Recorded data ->

--- START ---

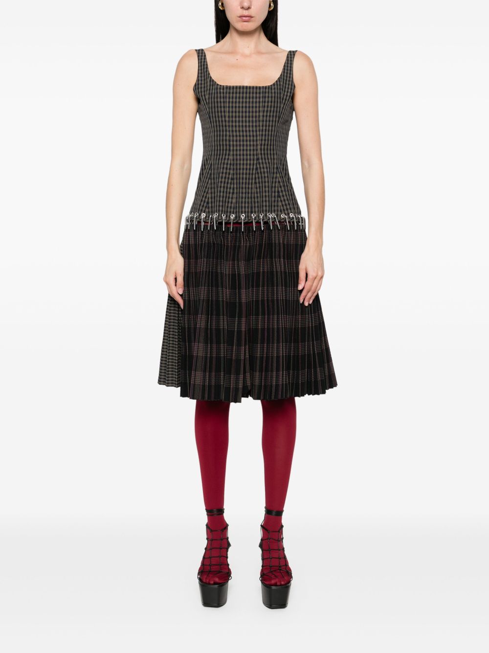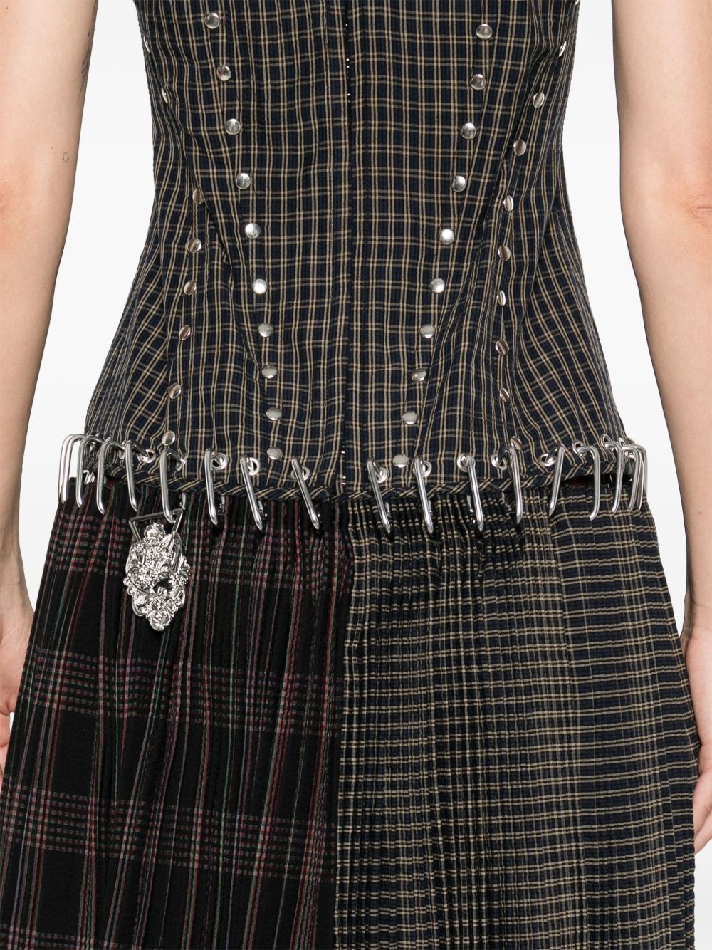 abito. corsetto, bretelle regolabili con fibbie in metallo, chiusura anteriore con gancetti, vita con ganci, charm, gonna a pieghe, multi tartan Composizione: 72% cotone, 28% lino Istruzioni per il lavaggio: lavare a secco
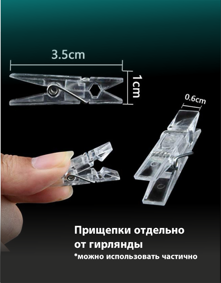 | Комплектация | Гирлянда - 1 шт., Прищепки |
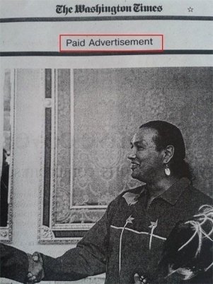 Матеріал про зустріч Віктора Януковича з представниками племен індіанців розміщений в американському виданні під плашкою «реклама».
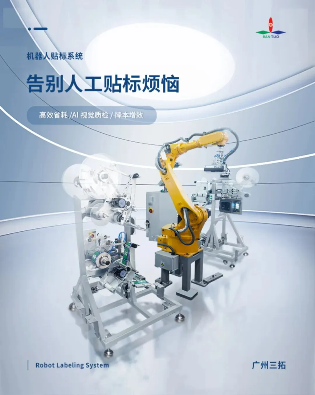机器人贴标系统,以智能化、高稳定性、高适配性,为企业打造高效、省心、低成本的自动化贴标解决方案。

--- END ---

The problem ->
What you give back must be exactly the lines of the listing above from the line containing "Матеріал про зустріч" through its last line, inclusive, without pictures, please.

Solution to the problem ->
 Матеріал про зустріч Віктора Януковича з представниками племен індіанців розміщений в американському виданні під плашкою «реклама».
机器人贴标系统,以智能化、高稳定性、高适配性,为企业打造高效、省心、低成本的自动化贴标解决方案。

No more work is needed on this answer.